**Problem to work on**
Your answer must hold only the lines below from the line containing "नवाब मलिक कौशल्य" through the line containing "साथीच्या रोगाशी संबंधित", each reproduced exactly.

**Listed records**
-- -- --

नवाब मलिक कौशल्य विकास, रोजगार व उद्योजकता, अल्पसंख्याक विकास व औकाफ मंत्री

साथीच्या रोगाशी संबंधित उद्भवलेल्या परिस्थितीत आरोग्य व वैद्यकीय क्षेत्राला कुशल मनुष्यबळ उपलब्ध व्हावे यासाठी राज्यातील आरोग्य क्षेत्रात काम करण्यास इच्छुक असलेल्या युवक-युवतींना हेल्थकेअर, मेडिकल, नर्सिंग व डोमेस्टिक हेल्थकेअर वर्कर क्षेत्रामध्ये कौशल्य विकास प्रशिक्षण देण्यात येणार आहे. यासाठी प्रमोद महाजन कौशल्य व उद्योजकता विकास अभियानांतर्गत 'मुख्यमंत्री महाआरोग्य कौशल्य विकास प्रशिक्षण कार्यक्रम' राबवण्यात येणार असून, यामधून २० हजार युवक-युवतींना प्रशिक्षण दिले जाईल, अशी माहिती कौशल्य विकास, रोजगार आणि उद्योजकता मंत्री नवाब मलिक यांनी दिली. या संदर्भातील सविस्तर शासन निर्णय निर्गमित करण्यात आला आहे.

-- -- --

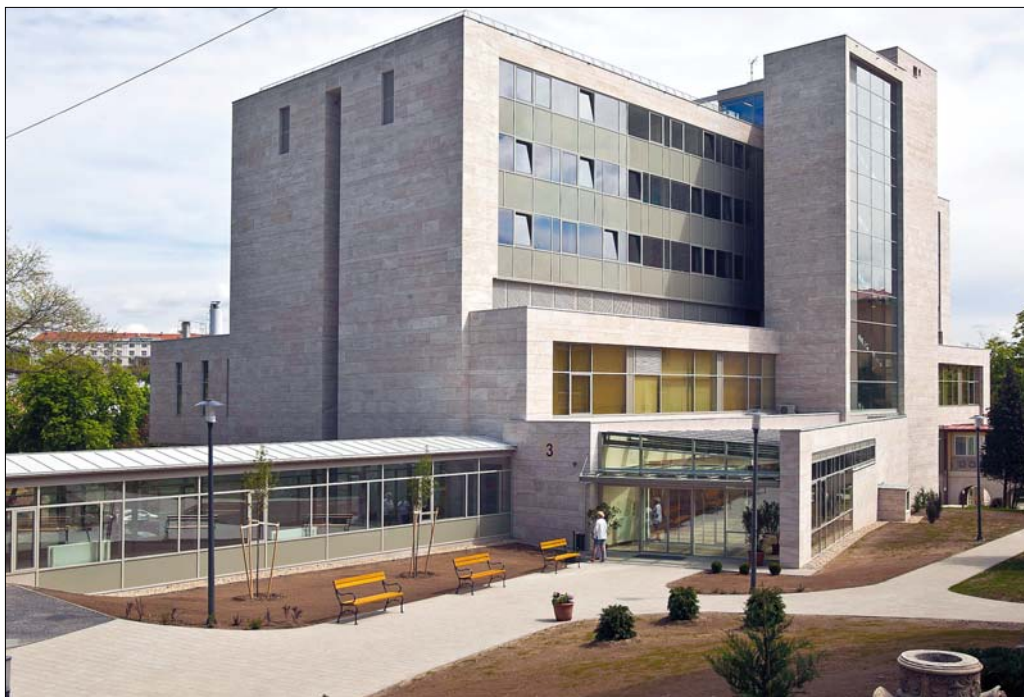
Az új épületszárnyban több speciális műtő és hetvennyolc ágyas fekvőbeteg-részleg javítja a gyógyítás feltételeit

-- -- --

**Task solution**
नवाब मलिक कौशल्य विकास, रोजगार व उद्योजकता, अल्पसंख्याक विकास व औकाफ मंत्री

साथीच्या रोगाशी संबंधित उद्भवलेल्या परिस्थितीत आरोग्य व वैद्यकीय क्षेत्राला कुशल मनुष्यबळ उपलब्ध व्हावे यासाठी राज्यातील आरोग्य क्षेत्रात काम करण्यास इच्छुक असलेल्या युवक-युवतींना हेल्थकेअर, मेडिकल, नर्सिंग व डोमेस्टिक हेल्थकेअर वर्कर क्षेत्रामध्ये कौशल्य विकास प्रशिक्षण देण्यात येणार आहे. यासाठी प्रमोद महाजन कौशल्य व उद्योजकता विकास अभियानांतर्गत 'मुख्यमंत्री महाआरोग्य कौशल्य विकास प्रशिक्षण कार्यक्रम' राबवण्यात येणार असून, यामधून २० हजार युवक-युवतींना प्रशिक्षण दिले जाईल, अशी माहिती कौशल्य विकास, रोजगार आणि उद्योजकता मंत्री नवाब मलिक यांनी दिली. या संदर्भातील सविस्तर शासन निर्णय निर्गमित करण्यात आला आहे.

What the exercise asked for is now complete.